In this article, we discuss causal inference when there are multiple versions of treatment. The potential outcomes framework, as articulated by Rubin, makes an assumption of no multiple versions of treatment, and here we discuss an extension of this potential outcomes framework to accommodate causal inference under violations of this assumption. A variety of examples are discussed in which the assumption may be violated. Identification results are provided for the overall treatment effect and the effect of treatment on the treated when multiple versions of treatment are present and also for the causal effect comparing a version of one treatment to some other version of the same or a different treatment. Further identification and interpretative results are given for cases in which the version precedes the treatment as when an underlying treatment variable is coarsened or dichotomized to create a new treatment variable for which there are effectively “multiple versions”. Results are also given for effects defined by setting the version of treatment to a prespecified distribution.
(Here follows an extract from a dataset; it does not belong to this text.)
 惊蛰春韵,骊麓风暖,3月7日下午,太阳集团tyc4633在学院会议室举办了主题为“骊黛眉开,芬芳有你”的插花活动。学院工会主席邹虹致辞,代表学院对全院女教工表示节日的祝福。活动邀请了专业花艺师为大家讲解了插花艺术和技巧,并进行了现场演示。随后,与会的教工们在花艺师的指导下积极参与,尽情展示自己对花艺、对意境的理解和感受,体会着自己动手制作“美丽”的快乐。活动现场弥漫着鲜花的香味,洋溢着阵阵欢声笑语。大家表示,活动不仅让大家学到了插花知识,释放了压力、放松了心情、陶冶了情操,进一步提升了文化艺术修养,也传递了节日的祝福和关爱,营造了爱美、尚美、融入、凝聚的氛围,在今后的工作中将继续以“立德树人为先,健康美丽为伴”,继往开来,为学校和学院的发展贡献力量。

Some of the identification results bear resemblance to identification results in the literature on direct and indirect effects. We describe some settings in which ignoring multiple versions of treatment, even when present, will not lead to incorrect inferences.

Suggested Citation

  • VanderWeele Tyler J. & Hernan Miguel A., 2013. "Causal inference under multiple versions of treatment," Journal of Causal Inference, De Gruyter, vol. 1(1), pages 1-20, June.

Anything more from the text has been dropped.